Items from a data source:
-------
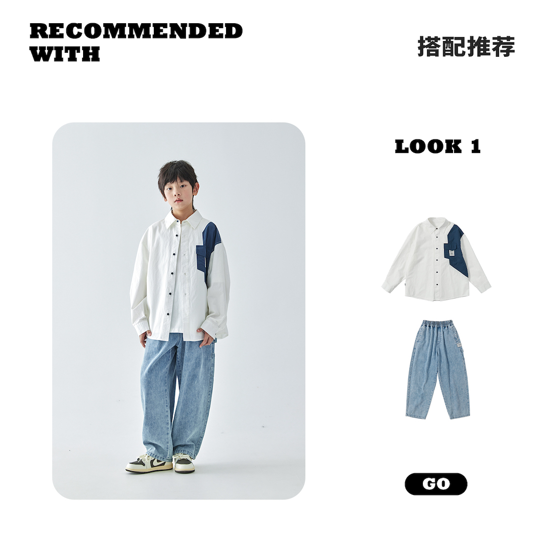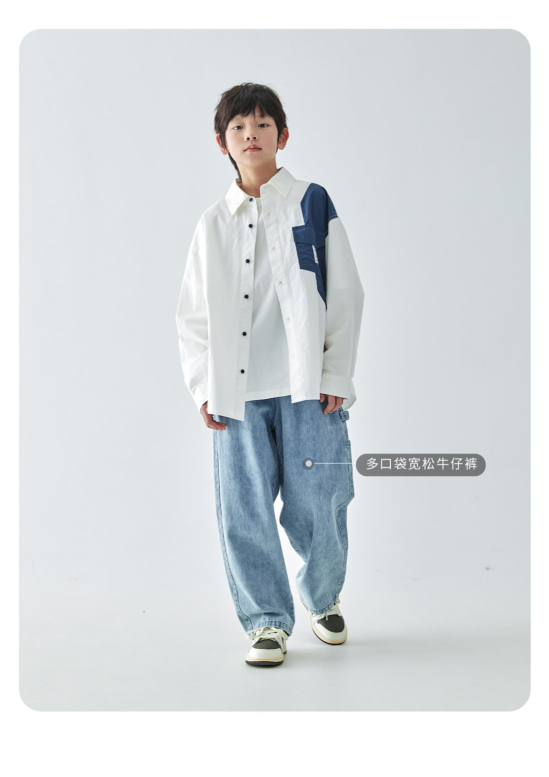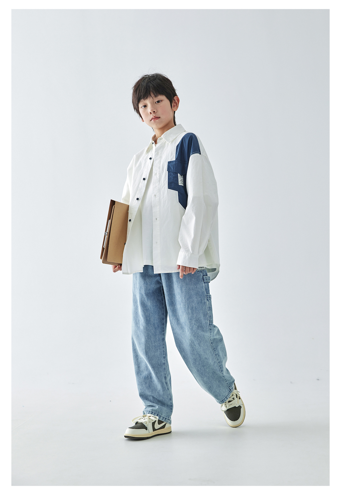 蓝汽水25年春季撞色拼接长袖衬衫男童全棉质感宽松休闲设计感衬衣
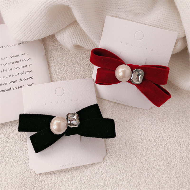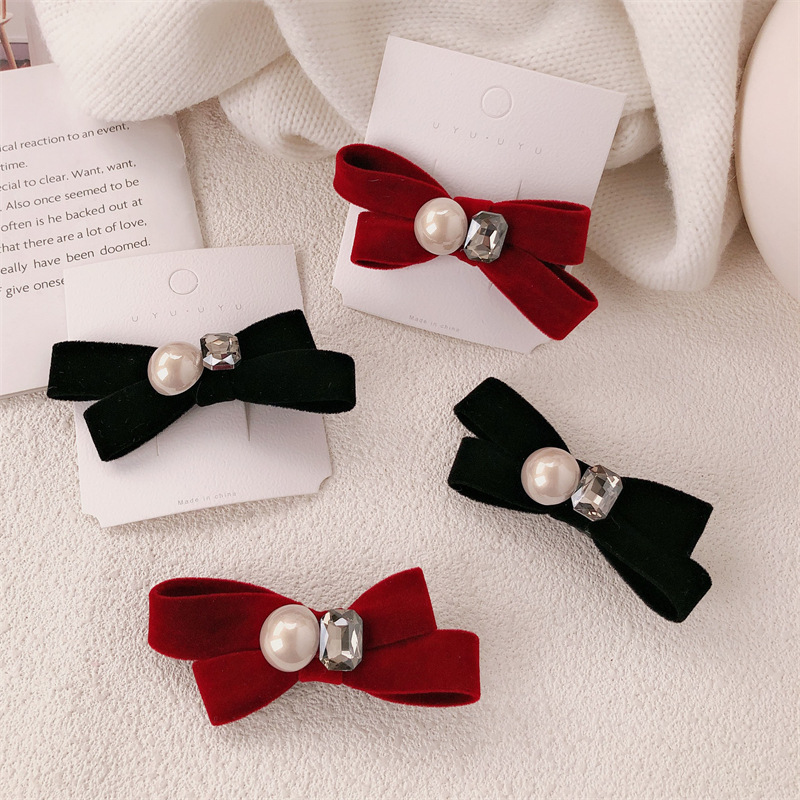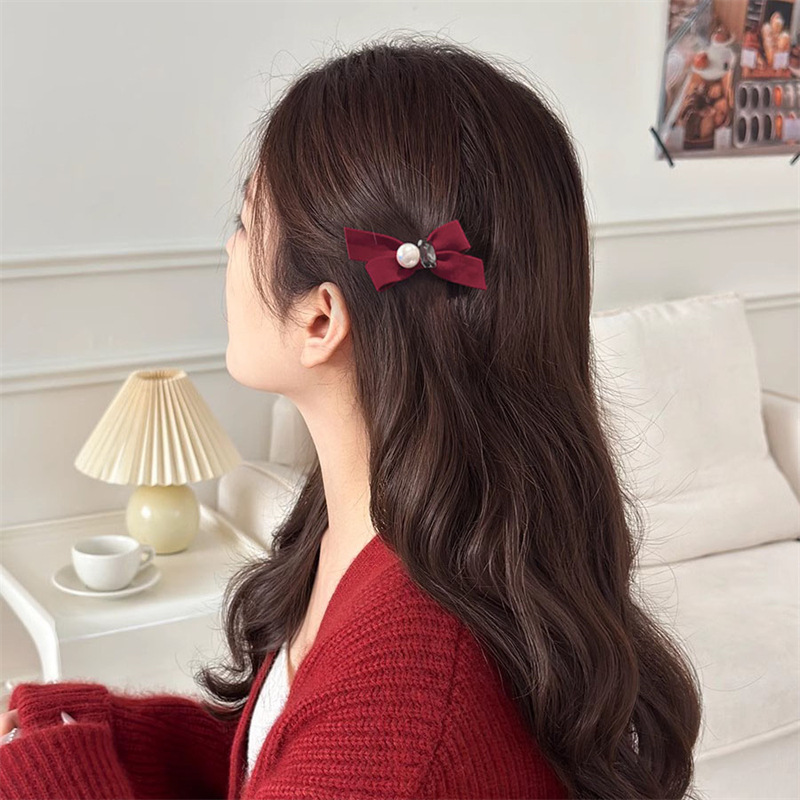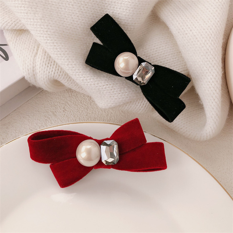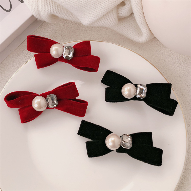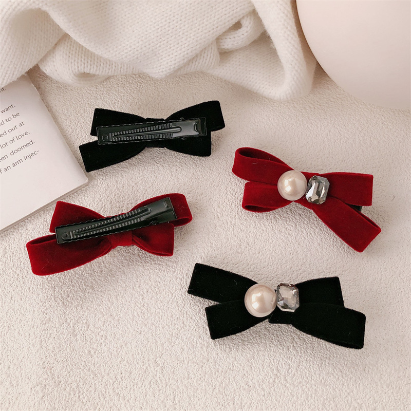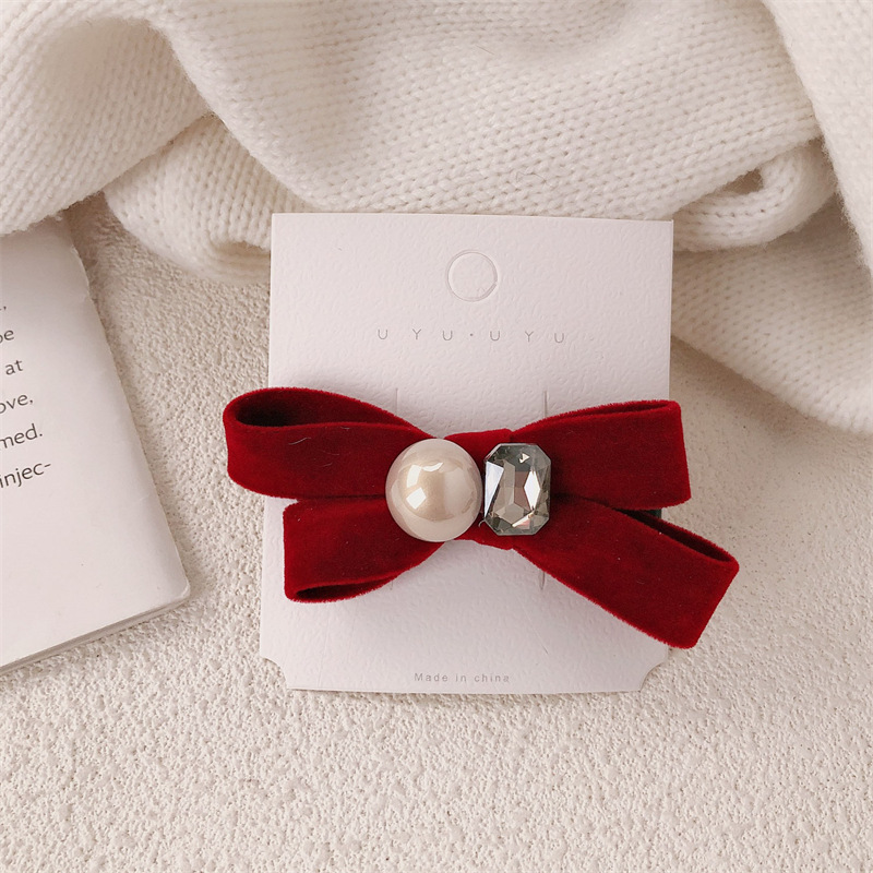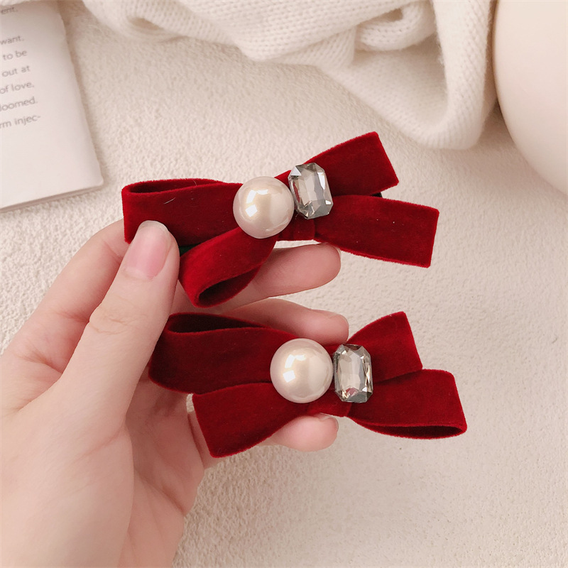 Terciopelo rojo pequeño arco de viento dulce temperamento princesa clips de bordes de alta sensación de diamante de boca de pato clips de cabello
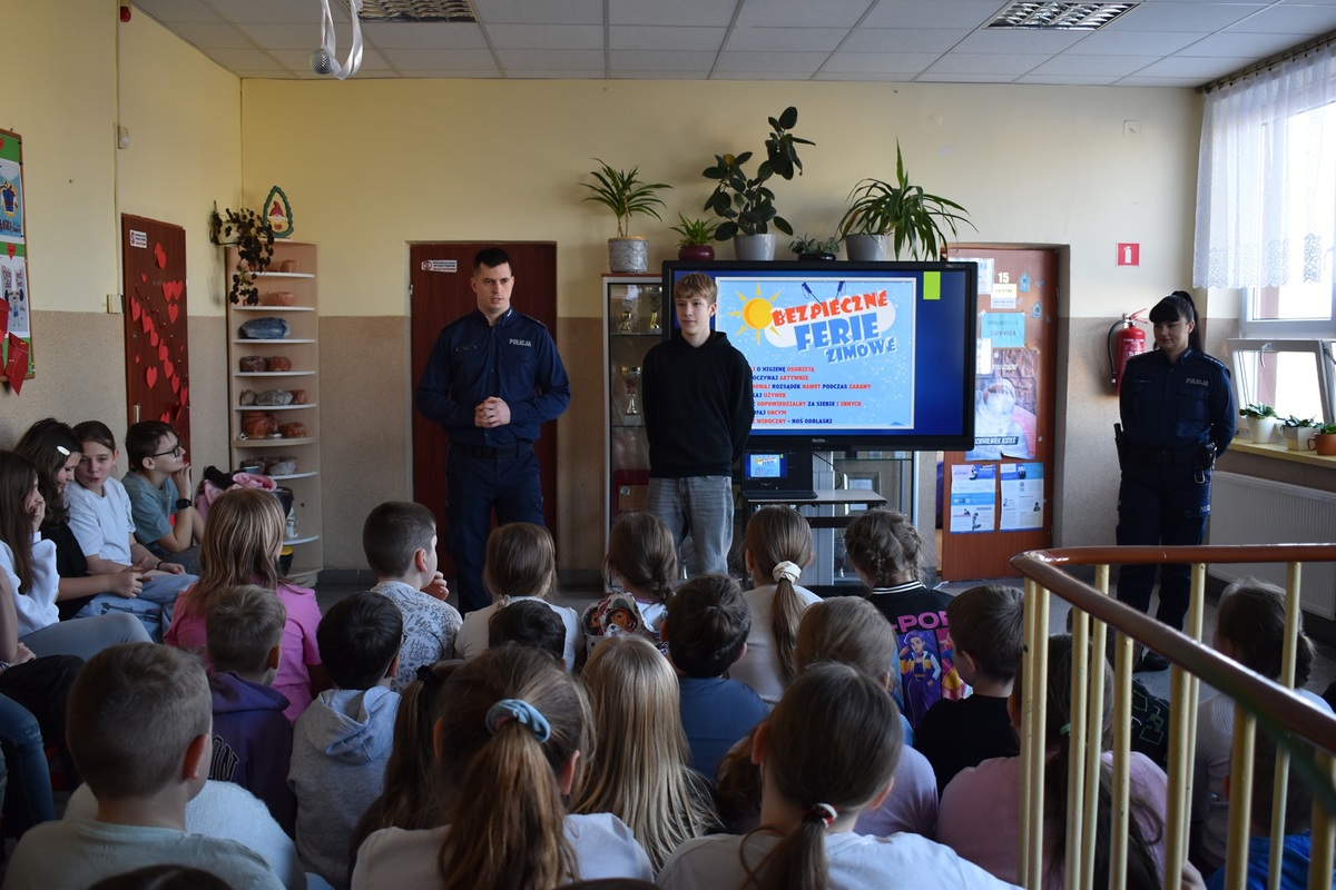 Mundurowi odwiedzili dzieci ze Szkoły Podstawowej nr 2 w Kłodawie, Szkoły Podstawowej w Górkach oraz Szkoły Podstawowej w Wólce Czepowej. Podczas spotkań policjanci rozmawiali z uczniami o zasadach bezpiecznego spędzania czasu wolnego w trakcie ferii zimowych. Przypominali, jak zachowywać się podczas zabaw na świeżym powietrzu, w domu, a także w kontakcie z nieznajomymi. Nie zabrakło również rozmów o bezpieczeństwie na drodze i odpowiedzialnym korzystaniu z Internetu.
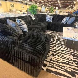 Black Fluffy Corduroy Sectional Couch With Dual Chaise Color Options ⭐$39 Down Payment with Financing ⭐ 90 Days same as cash$1,799Chesapeake, VA
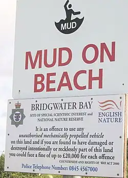Burnham-on-Sea is on the shore of the Bristol Channel and has a long sandy beach, but nearby mudflats and sandbanks have claimed several lives over the years. At low tide, large parts of the area become mudflats up to 4 km (2.5 miles) wide due to the tidal range of 15 metres (49 ft),[1] second only to the Bay of Fundy in Eastern Canada.[2][3]
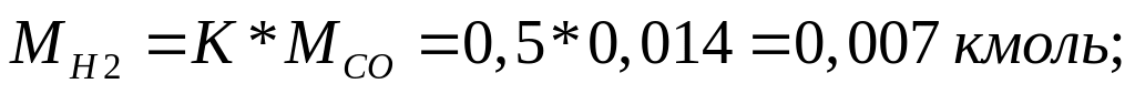Приняв К = МН2/МСО = 0.5 получим:
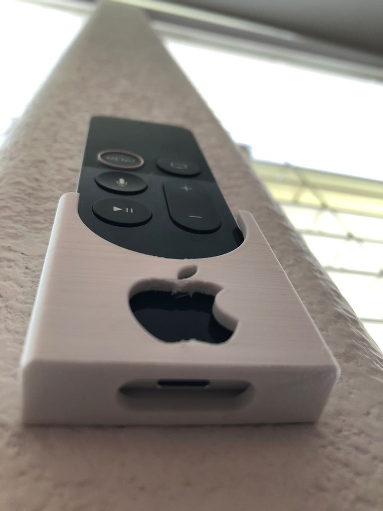 Apple TV-afstandsbedieningshouder voor gebruik met "Seri Remote". Het geeft je .02" speling aan de voor- en achterkant. Er is ook een opening voor de oplaadkabel aan de onderkant. Deze houder zorgt ervoor dat de afstandsbediening altijd op één plek ligt, zodat je hem nooit meer kwijtraakt. Hij kan eenvoudig aan de muur worden bevestigd en het compacte ontwerp zorgt ervoor dat hij niet veel ruimte inneemt.
-------
WORK TO BE COMPLETED – Would you retype all the lines shown above, exactly as written and without any picture?

TASK SOLUTION –
 蓝汽水25年春季撞色拼接长袖衬衫男童全棉质感宽松休闲设计感衬衣
 Terciopelo rojo pequeño arco de viento dulce temperamento princesa clips de bordes de alta sensación de diamante de boca de pato clips de cabello
 Mundurowi odwiedzili dzieci ze Szkoły Podstawowej nr 2 w Kłodawie, Szkoły Podstawowej w Górkach oraz Szkoły Podstawowej w Wólce Czepowej. Podczas spotkań policjanci rozmawiali z uczniami o zasadach bezpiecznego spędzania czasu wolnego w trakcie ferii zimowych. Przypominali, jak zachowywać się podczas zabaw na świeżym powietrzu, w domu, a także w kontakcie z nieznajomymi. Nie zabrakło również rozmów o bezpieczeństwie na drodze i odpowiedzialnym korzystaniu z Internetu.
 Black Fluffy Corduroy Sectional Couch With Dual Chaise Color Options ⭐$39 Down Payment with Financing ⭐ 90 Days same as cash$1,799Chesapeake, VA
Burnham-on-Sea is on the shore of the Bristol Channel and has a long sandy beach, but nearby mudflats and sandbanks have claimed several lives over the years. At low tide, large parts of the area become mudflats up to 4 km (2.5 miles) wide due to the tidal range of 15 metres (49 ft),[1] second only to the Bay of Fundy in Eastern Canada.[2][3]
Приняв К = МН2/МСО = 0.5 получим:
 Apple TV-afstandsbedieningshouder voor gebruik met "Seri Remote". Het geeft je .02" speling aan de voor- en achterkant. Er is ook een opening voor de oplaadkabel aan de onderkant. Deze houder zorgt ervoor dat de afstandsbediening altijd op één plek ligt, zodat je hem nooit meer kwijtraakt. Hij kan eenvoudig aan de muur worden bevestigd en het compacte ontwerp zorgt ervoor dat hij niet veel ruimte inneemt.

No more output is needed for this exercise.